Gardening, however, was his passion. He was a fellow of the Royal New Zealand Institute of Horticulture and was president of the National Rose Society of New Zealand in 1963. For more than 30 years he produced and presented a regular gardening programme on the Rotorua radio station 1YZ. He particularly loved rhododendrons, and as mayor succeeded in establishing a specialised nursery for them. One year 4,000 were planted as street trees. During his time on the council he also took an active role in the development of Rotorua’s parks and reserves.

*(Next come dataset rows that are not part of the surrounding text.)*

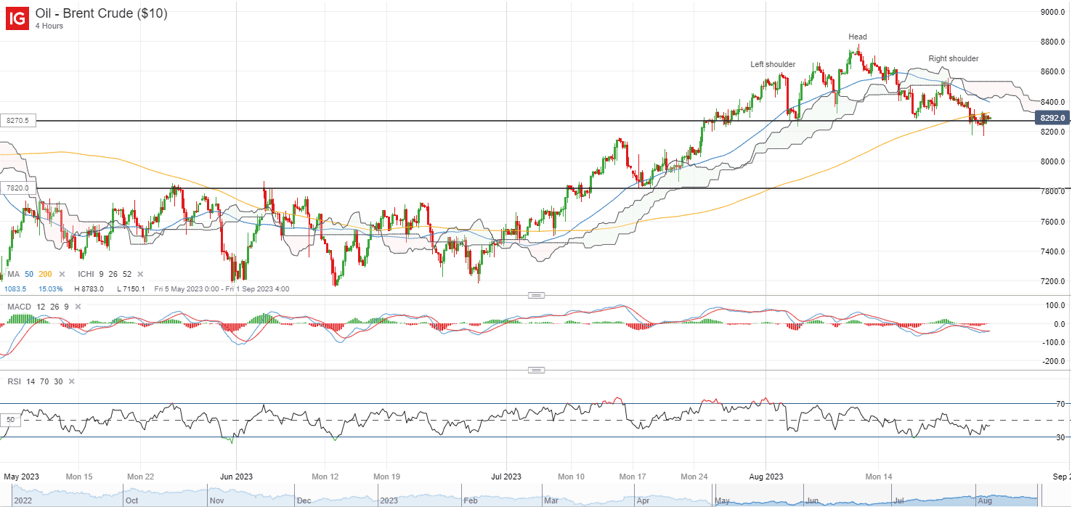 MARKET RECAP Initial gains in Wall Street reversed sharply overnight, with Nvidia’s stellar results hit with a sell-the-news market reaction, as market participants de-risk ahead of Fed Chair Jerome Powell’s Jackson Hole speech later tonight. The VIX was up 7.6% as a reflection of increased hedging activities, while market sentiments (from the CNN Fear and Greed Index) have fallen back into ‘fear’ territory for the first time since March this year. No doubt the Fed’s policy outlook will be the key driving force for markets ahead. With fresh updates on US inflation and labour market data after the previous FOMC meeting, focus will be on what factors the Fed Chair will have his attention on. Maintaining his emphasis on the Fed’s data-dependent stance and bringing up progress in US inflation may potentially be perceived as a less hawkish view, but on the other hand, highlighting the risks of a reacceleration in demand and the need for high-for-longer rates will likely be a more hawkish message. For now, expectations remain firmly priced for rates to be kept on hold in September, but the probability for a November hike has increased to the current 41%, from 32% just a month ago. Treasury yields firmed overnight, following an earlier sell-off on Wednesday, while the US dollar is back at its two-month high, as some positioning for a hawkish takeaway gets underway. Perhaps one to watch may be Brent crude prices, which saw dip buyers attempting to defend the neckline of a head-and-shoulder formation (four-hour chart), with the formation of a series of long-legged pin bars overnight. Greater conviction may have to come from a move back above its shoulders at the 85.40 level, where the upper edge of its Ichimoku cloud resistance (four-hour) may have to be overcome as well. On the other hand, price projection from any breakdown of the head-and-shoulder neckline at the 82.70 level could leave the 78.20 level on watch next. Source: IG charts ASIA OPEN Asian stocks look set for a negative open, with Nikkei -1.55%, ASX -1.05% and KOSPI -0.81% at the time of writing. The rush for market participants to further de-risk ahead of Fed Chair Jerome Powell’s comments has spilled over to the Asia session, given that the previous Fed minutes did not reflect the level of unity among policymakers for a rate pause as what many have expected. The Nasdaq Golden Dragon China Index is down 0.7% overnight, which may challenge the rebound in Chinese equities from oversold technical levels in the earlier session. The formation of lower highs and lows in the Hang Seng Index year-to-date, along with its weekly RSI failing to sustain above the 50 level for the third time this year may still call for more wait-and-see. On the economic calendar, this morning saw the release of Tokyo’s August Consumer Price Index (CPI) data, with moderating headline inflation (2.9% versus previous 3.2%) but a further uptick in the ‘core-core’ aspect (2.6% versus previous 2.5%) providing a mixed view overall. That did not trigger too much of a reaction in the USD/JPY, with the pair taking its lead from US dollar strength on mounting hawkish Fed views. Aside, the AUD/JPY seems to be trading on a near-term descending triangle, with the formation of lower highs and the triangle base around the 93.00 level. Arguably, the recent retracement to a 38.2% Fibonacci level from its March 2023 bottom to June 2023 peak may also leave some hopes on a broader bullish pennant formation. The 93.00 level may be an immediate support level to hold, failing which could pave the way to retest the 91.80 level next, where strong dip-buying off a 50% Fibonacci retracement level was sighted on 28 July 2023. On the upside, the downward trendline resistance will be a key line to overcome, with greater conviction probably having to come from a move back above the 95.34 level. Source: IG charts On the watchlist: 200-day MA for EUR/USD in the crosshair Strength in the US dollar overnight has kept the EUR/USD under pressure, with the pair pushing to a new two-month low and leaving its 200-day MA under threat of a breakdown. Its weekly RSI is also back to retest the key 50 level for the third time this year, with any failure to defend the MA-line over the coming days likely to leave sellers in greater control. For now, the 1.080 level seems like an immediate key support to hold. Any subsequent move below the 1.080 level may potentially pave the way towards the 1.063 level next, which will also mark the first time where the pair trades below its 200-day MA since November 2022. https://www.dailyfx.com/news/de-risking-ahead-of-fed-chair-s-jackson-hole-speech-brent-crude-aud-jpy-eur-usd-20230825.html
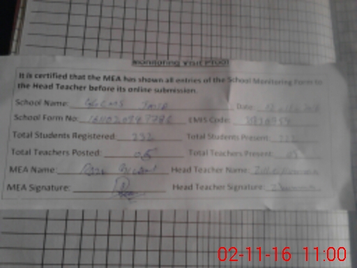 | Certified that this School was Inspected by the Undersigned MEA/DMO Today and the Information Stated Above is as Per Record. | |||||
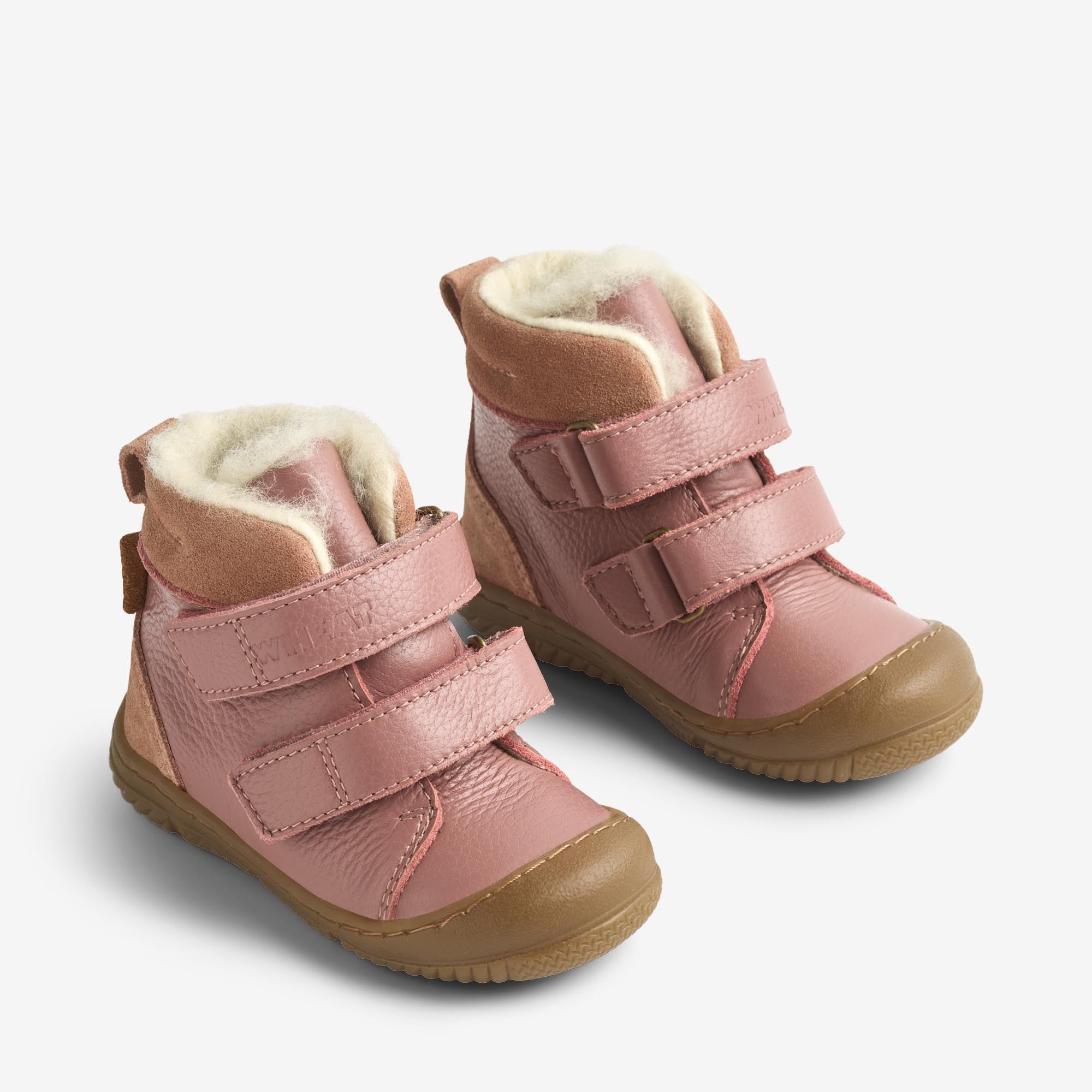 Das Modell fällt klein aus, im Zweifelsfall empfehlen wir, eine Nummer größer zu wählen.Bequeme Pre-Walker mit doppeltem Klettverschluss für dein Kleinkind.- Futter aus Wolle- Tex-Membran- Zwei KlettverschlussriemenDie Lauflernschuhe von Wheat sind leicht, flexibel und bequem für dein Kind und schützen die kleinen Füße, wenn sie sich auf ihre ersten Abenteuer begeben. Dieser Schuh hat einen doppelten Klettverschluss, der das Hineinschlüpfen erleichtert, und ist für die perfekte Passform vollständig verstellbar.ie Stiefel sind mit einer Tex-Membran ausgestattet, die zu 100% atmungsaktiv und wasserdicht ist und den Füßen Ihres Kindes während der Herbst- und Wintermonate hervorragenden Schutz bietet. Bei längerem Aufenthalt in sehr nassen Bedingungen kann jedoch mit der Zeit Feuchtigkeit eindringen. Für längere Aufenthalte in sehr feuchten Umgebungen empfehlen wir unsere Winter-Gummistiefel.Das Material ist sehr langlebig und bekommt mit der Zeit eine wunderbare Patina. Als hübsches Detail haben die Stiefel Wildlederdetails oben am Schaft und an der Ferse.Die Sohle ist mit einer Latexeinlage versehen, die mit Wolle überzogen ist. Deshalb sind diese Stiefel perfekt als Winterstiefel geeignet, da sie sowohl stützend als auch warm sind. Latex ist ein natürliches Produkt, das atmungsaktiv und flexibel ist und mit etwas Dämpfung für bequemes Laufen sorgt.Die Laufsohle besteht aus Gummi, das sehr leicht ist und eine gute Traktion und Flexibilität bietet. Sie ist so konzipiert, dass sie über die Zehen verläuft, um zusätzlichen Schutz zu bieten.Empfohlener Wachstumsspielraum: 1-1,5 cmInnenmaß:Größe 19 = 12,3 cmGröße 20 = 13 cmGröße 21 = 13,7 cmGröße 22 = 14,2 cmGröße 23 = 14,9 cmGröße 24 = 15,8 cmGröße 25 = 16,4 cmGröße 26 = 17 cm
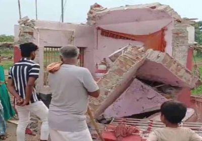 अनियंत्रित हाइवा ने मंदिर को ढहाया, मलबे में दबा शख्स
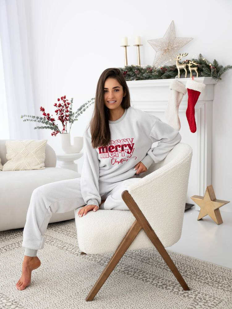 Camiseta de manga larga , parte delantera con bordado decorativo invernal Merry Christmas.
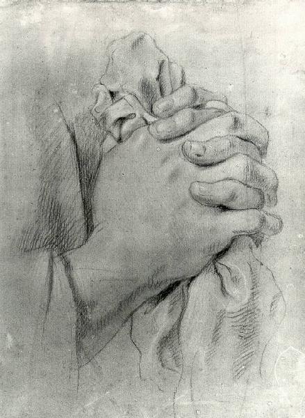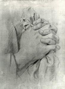 - NOTIZIE STORICO CRITICHE Studio per le mani della Madonna nella tela di Ganda: "La B. V. Addolorata con i Santi M.Maddalena, Domenico e Francesco di Paola, firmato e datato.\nIl foglio è l'unico che si possa attribuire con certezza alla pittrice, e costituisce un importante "test" per definire le note stilistiche che caratterizzano la sua produzione.

A caring, compassionate and deeply religious man, Murray Linton was an active member of the Presbyterian church. Some years before his death he and Alice purchased a plot at Rotorua cemetery. Shortly afterwards, however, he was approached by his Ngati Whakaue friends who requested that they be allowed to bury him at their cemetery; he agreed. After he died at his home in Rotorua on 15 August 1980, his body lay in state at Tunohopu marae in Ohinemutu before being laid to rest at Kauae cemetery, Mt Ngongotaha, with all the honours due a chief. He was survived by his wife and children.

Me pēnei te tohu i te whārangi:

Jinty Rorke. 'Linton, Alister Murray', Dictionary of New Zealand Biography, first published in 2000. Te Ara - the Encyclopedia of New Zealand, https://teara.govt.nz/mi/biographies/5l11/linton-alister-murray (accessed 29 March 2024)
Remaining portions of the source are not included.